- Saved entries
------------------------

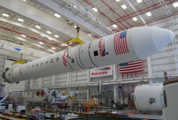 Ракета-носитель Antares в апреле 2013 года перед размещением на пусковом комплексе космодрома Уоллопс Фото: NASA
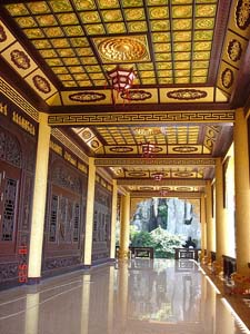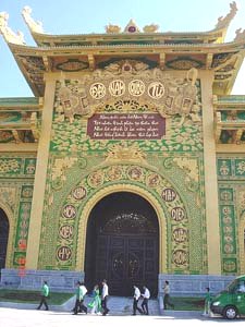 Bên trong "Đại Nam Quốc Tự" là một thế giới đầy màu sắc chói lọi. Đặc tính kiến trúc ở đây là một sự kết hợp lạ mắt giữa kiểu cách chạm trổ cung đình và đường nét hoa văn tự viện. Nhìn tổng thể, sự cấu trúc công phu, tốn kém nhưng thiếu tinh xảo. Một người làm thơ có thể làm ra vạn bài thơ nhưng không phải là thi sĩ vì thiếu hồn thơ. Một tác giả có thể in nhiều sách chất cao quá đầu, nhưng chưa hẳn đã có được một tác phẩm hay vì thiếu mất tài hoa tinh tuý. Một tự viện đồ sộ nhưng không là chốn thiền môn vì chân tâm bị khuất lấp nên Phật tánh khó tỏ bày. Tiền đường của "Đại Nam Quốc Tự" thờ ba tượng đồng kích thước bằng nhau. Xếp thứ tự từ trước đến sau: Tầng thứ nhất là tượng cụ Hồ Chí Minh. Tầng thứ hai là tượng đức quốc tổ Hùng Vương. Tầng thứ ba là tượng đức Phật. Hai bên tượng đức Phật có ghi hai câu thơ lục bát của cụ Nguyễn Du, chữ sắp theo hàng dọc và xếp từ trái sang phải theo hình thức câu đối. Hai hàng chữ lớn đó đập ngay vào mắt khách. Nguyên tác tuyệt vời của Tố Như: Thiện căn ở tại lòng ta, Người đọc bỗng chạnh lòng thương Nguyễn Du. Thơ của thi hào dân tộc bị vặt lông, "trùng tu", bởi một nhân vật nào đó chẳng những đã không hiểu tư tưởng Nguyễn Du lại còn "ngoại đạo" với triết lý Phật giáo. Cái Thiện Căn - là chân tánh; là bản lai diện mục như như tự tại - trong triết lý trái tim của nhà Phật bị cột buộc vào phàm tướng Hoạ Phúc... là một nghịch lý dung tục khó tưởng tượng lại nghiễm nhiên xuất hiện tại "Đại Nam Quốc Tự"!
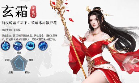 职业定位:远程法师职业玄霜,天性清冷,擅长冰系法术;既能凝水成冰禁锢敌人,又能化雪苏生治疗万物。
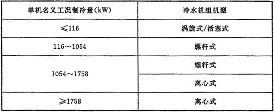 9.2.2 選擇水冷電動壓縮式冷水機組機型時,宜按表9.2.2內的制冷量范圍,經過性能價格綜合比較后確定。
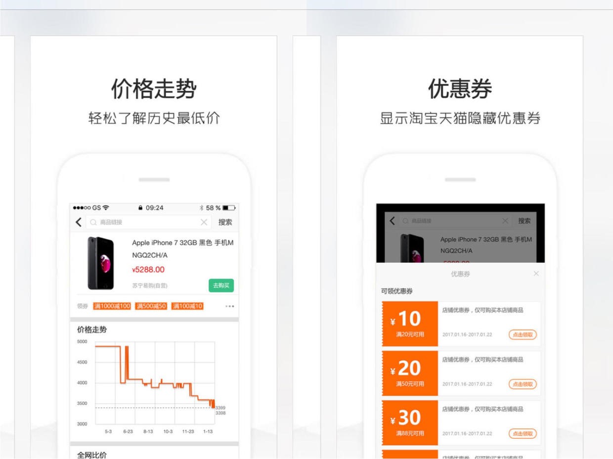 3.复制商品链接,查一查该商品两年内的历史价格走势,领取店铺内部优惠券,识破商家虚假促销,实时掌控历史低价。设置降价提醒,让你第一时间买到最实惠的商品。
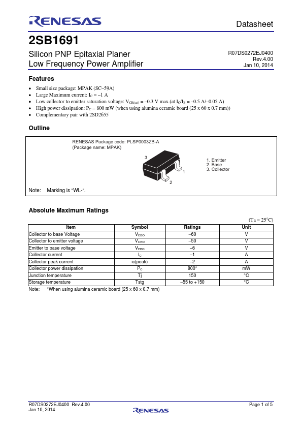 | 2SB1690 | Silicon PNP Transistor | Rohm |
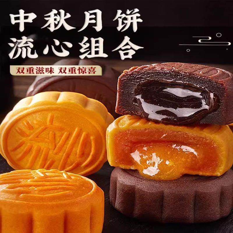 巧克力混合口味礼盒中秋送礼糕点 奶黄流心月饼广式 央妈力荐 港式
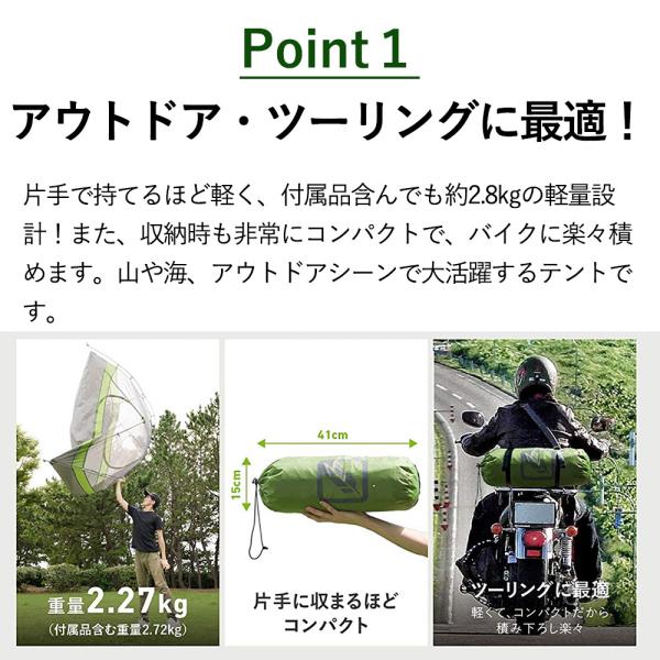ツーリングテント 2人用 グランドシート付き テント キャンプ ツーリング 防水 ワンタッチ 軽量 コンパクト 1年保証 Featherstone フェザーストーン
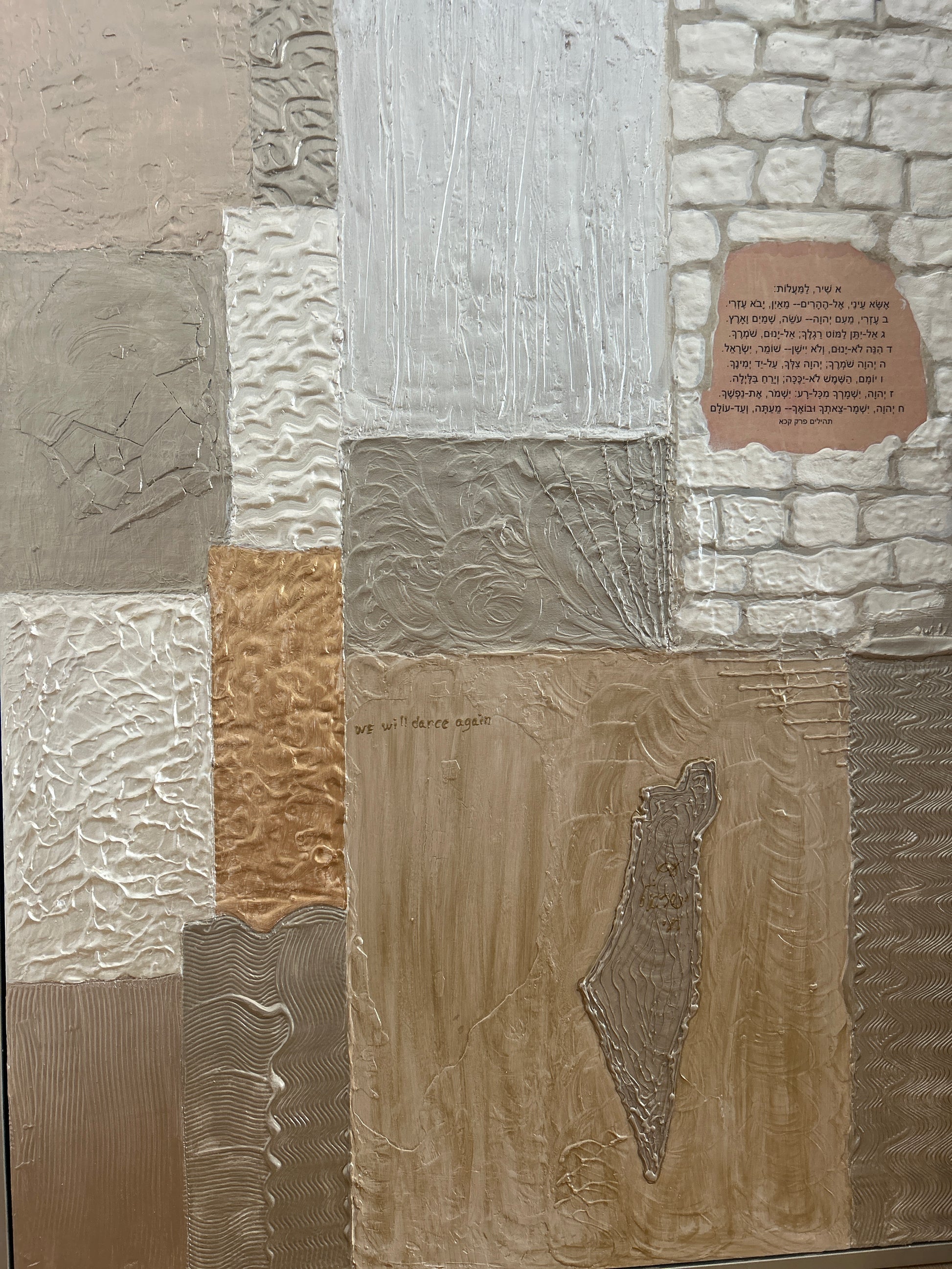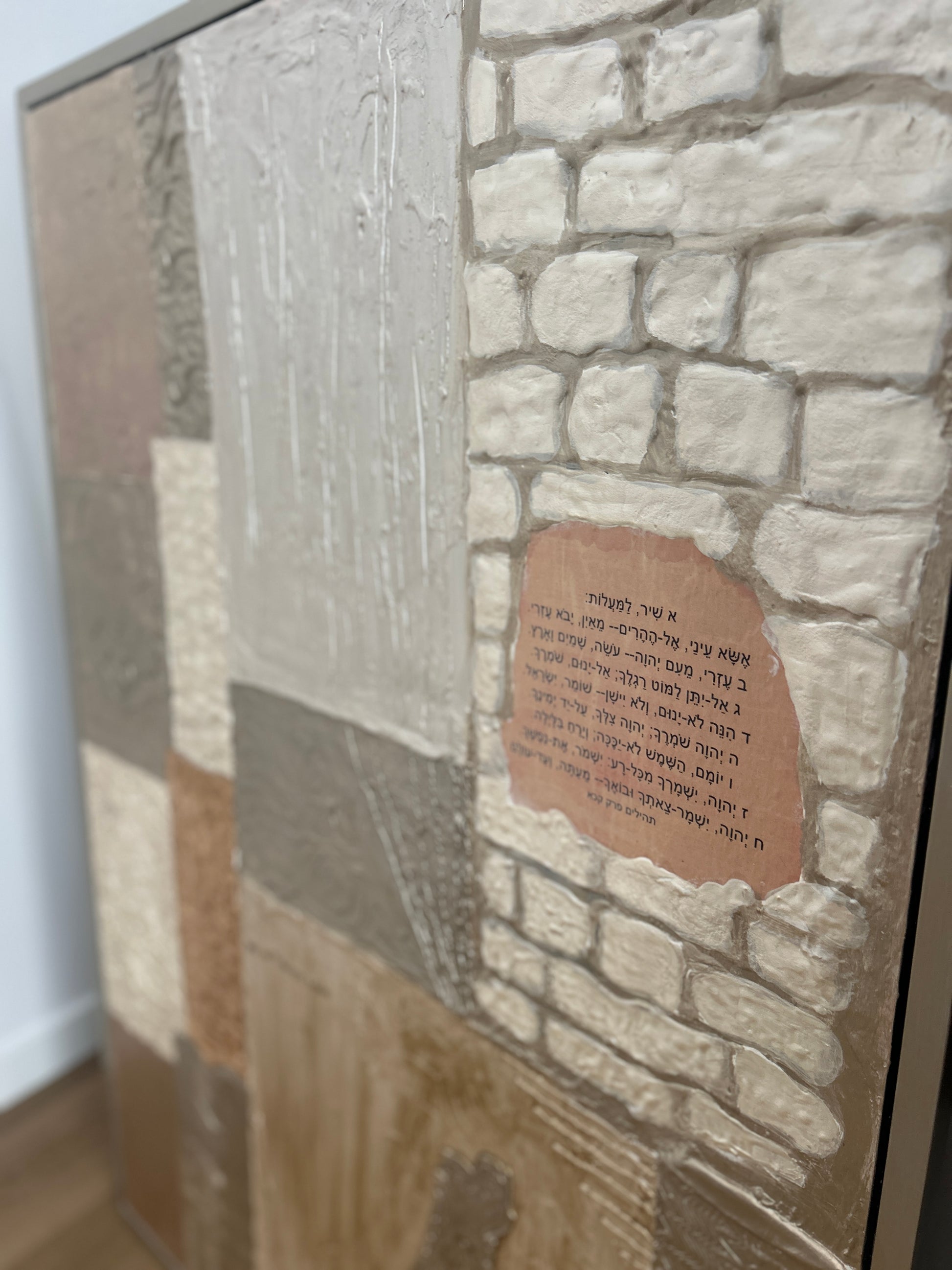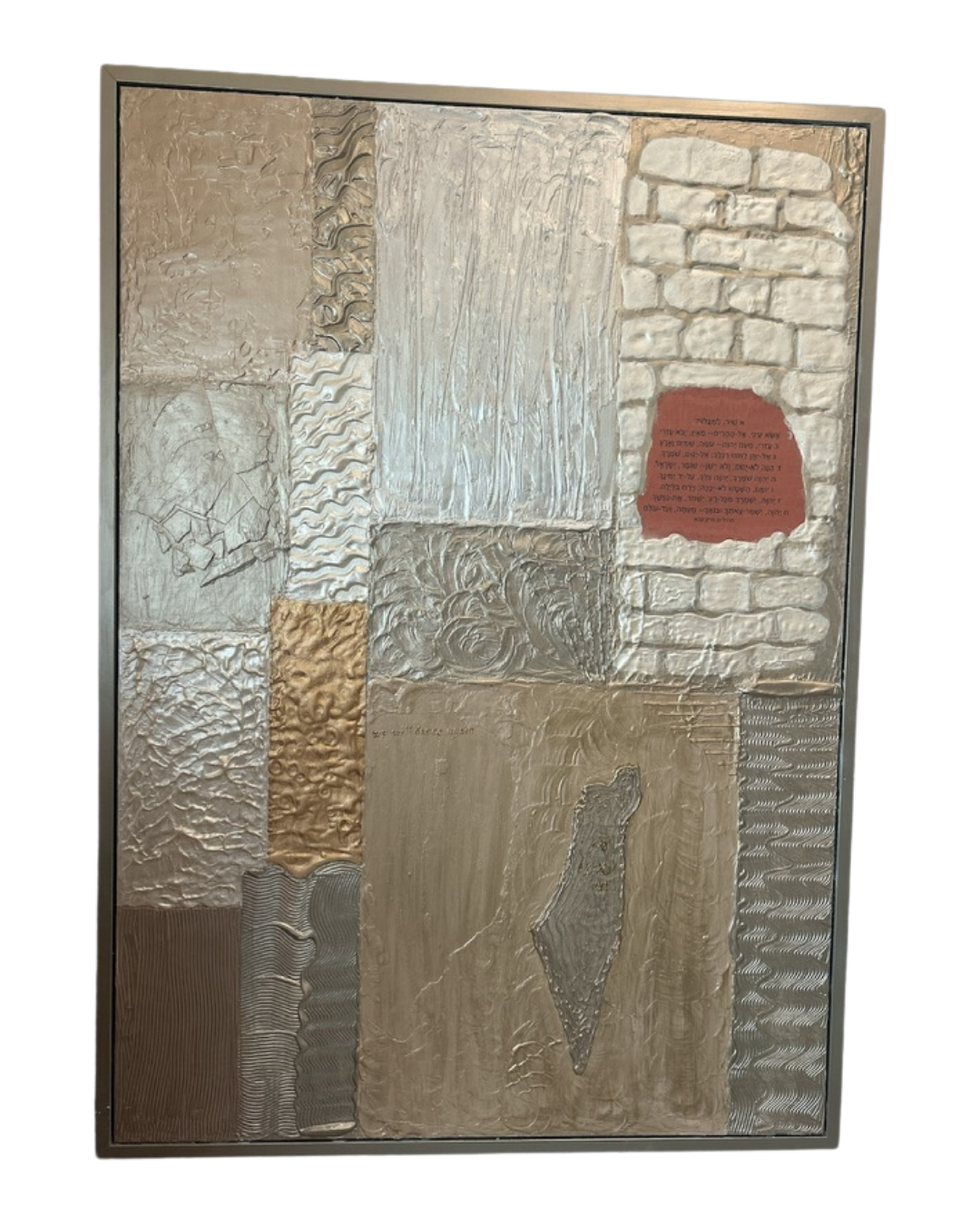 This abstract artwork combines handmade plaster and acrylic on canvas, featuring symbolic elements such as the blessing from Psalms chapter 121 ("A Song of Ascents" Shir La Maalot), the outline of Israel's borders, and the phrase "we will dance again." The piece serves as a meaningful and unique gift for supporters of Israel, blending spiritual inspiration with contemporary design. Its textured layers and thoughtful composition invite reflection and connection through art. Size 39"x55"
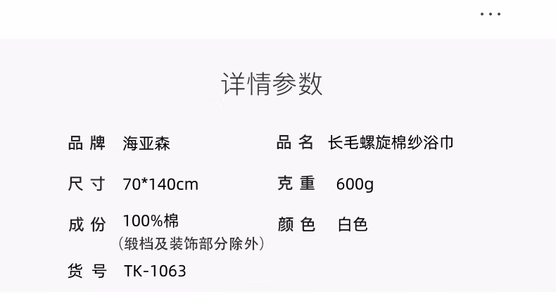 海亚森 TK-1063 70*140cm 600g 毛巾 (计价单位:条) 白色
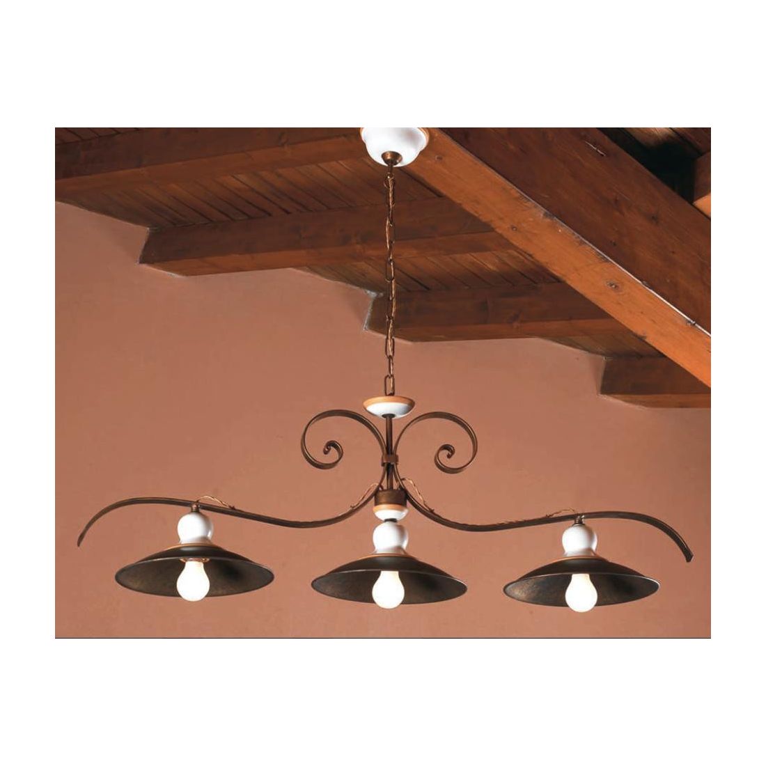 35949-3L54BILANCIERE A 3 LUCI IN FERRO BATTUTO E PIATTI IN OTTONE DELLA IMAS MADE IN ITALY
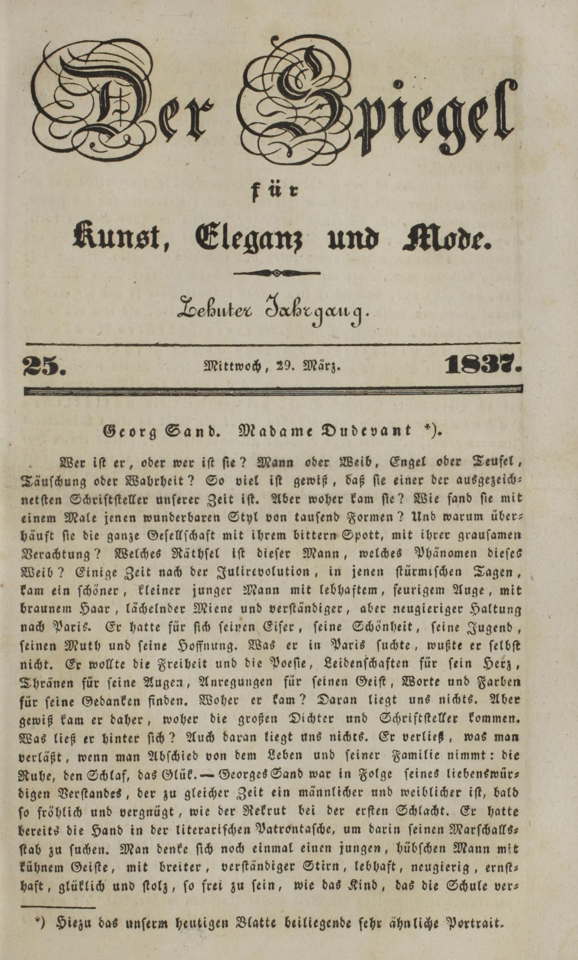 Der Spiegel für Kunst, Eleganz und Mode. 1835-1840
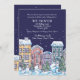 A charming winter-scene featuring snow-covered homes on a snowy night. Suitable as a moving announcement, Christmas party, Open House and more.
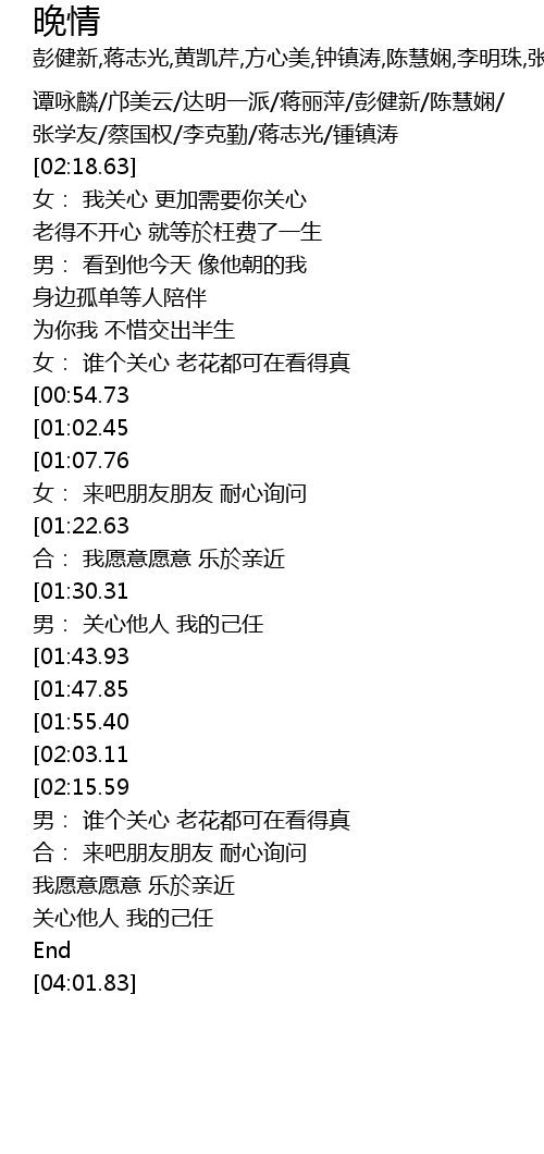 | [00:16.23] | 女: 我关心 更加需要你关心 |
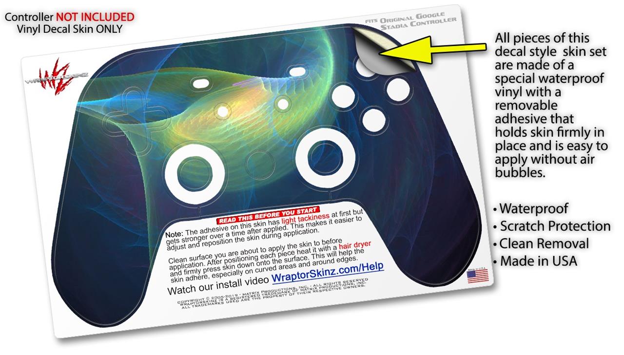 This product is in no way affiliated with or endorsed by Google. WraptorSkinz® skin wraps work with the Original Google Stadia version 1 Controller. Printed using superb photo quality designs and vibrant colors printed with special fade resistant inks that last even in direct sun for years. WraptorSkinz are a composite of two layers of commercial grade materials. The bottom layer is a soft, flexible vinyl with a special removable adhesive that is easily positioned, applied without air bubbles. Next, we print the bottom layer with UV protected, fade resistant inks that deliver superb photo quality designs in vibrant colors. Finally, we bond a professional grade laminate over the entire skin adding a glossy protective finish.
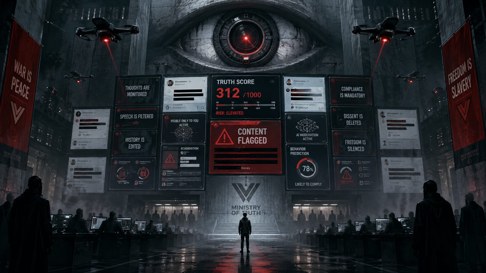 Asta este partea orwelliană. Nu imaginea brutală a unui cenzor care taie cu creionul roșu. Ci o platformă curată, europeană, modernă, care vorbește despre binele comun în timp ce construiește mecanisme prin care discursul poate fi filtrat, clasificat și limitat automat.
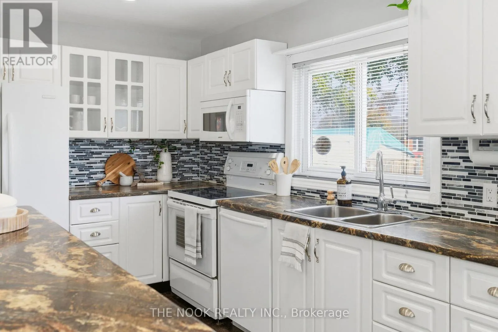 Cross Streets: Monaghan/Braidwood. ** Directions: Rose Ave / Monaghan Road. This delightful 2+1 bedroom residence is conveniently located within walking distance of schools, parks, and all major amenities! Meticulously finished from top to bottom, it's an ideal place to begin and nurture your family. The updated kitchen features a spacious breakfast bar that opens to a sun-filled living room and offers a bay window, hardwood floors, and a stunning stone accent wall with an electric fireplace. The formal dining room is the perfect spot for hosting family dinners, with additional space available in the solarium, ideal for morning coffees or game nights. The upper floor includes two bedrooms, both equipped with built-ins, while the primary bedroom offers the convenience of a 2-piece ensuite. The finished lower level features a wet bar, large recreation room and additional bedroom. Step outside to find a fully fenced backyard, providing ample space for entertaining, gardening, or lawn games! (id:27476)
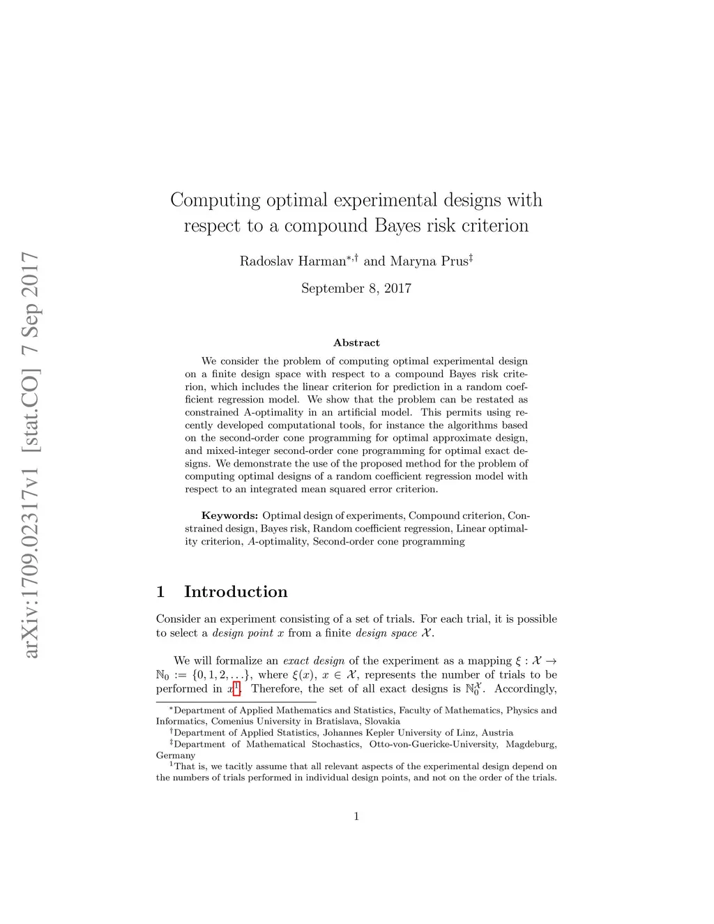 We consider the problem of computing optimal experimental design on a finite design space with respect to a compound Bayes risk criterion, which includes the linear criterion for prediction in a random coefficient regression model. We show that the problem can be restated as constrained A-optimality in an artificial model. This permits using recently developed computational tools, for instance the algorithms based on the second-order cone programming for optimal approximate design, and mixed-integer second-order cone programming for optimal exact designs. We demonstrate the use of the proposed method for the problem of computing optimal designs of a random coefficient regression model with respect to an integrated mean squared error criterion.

------------------------

- WHAT NEEDS TO BE DONE
Using the records above, print exactly the lines between the ones containing "3.复制商品链接,查一查该商" and "我关心 更加需要你关心 |", inclusive, and nothing else; no pictures.

- ANSWER BOX
 3.复制商品链接,查一查该商品两年内的历史价格走势,领取店铺内部优惠券,识破商家虚假促销,实时掌控历史低价。设置降价提醒,让你第一时间买到最实惠的商品。
 | 2SB1690 | Silicon PNP Transistor | Rohm |
 巧克力混合口味礼盒中秋送礼糕点 奶黄流心月饼广式 央妈力荐 港式
ツーリングテント 2人用 グランドシート付き テント キャンプ ツーリング 防水 ワンタッチ 軽量 コンパクト 1年保証 Featherstone フェザーストーン
 This abstract artwork combines handmade plaster and acrylic on canvas, featuring symbolic elements such as the blessing from Psalms chapter 121 ("A Song of Ascents" Shir La Maalot), the outline of Israel's borders, and the phrase "we will dance again." The piece serves as a meaningful and unique gift for supporters of Israel, blending spiritual inspiration with contemporary design. Its textured layers and thoughtful composition invite reflection and connection through art. Size 39"x55"
 海亚森 TK-1063 70*140cm 600g 毛巾 (计价单位:条) 白色
 35949-3L54BILANCIERE A 3 LUCI IN FERRO BATTUTO E PIATTI IN OTTONE DELLA IMAS MADE IN ITALY
 Der Spiegel für Kunst, Eleganz und Mode. 1835-1840
 A charming winter-scene featuring snow-covered homes on a snowy night. Suitable as a moving announcement, Christmas party, Open House and more.
 | [00:16.23] | 女: 我关心 更加需要你关心 |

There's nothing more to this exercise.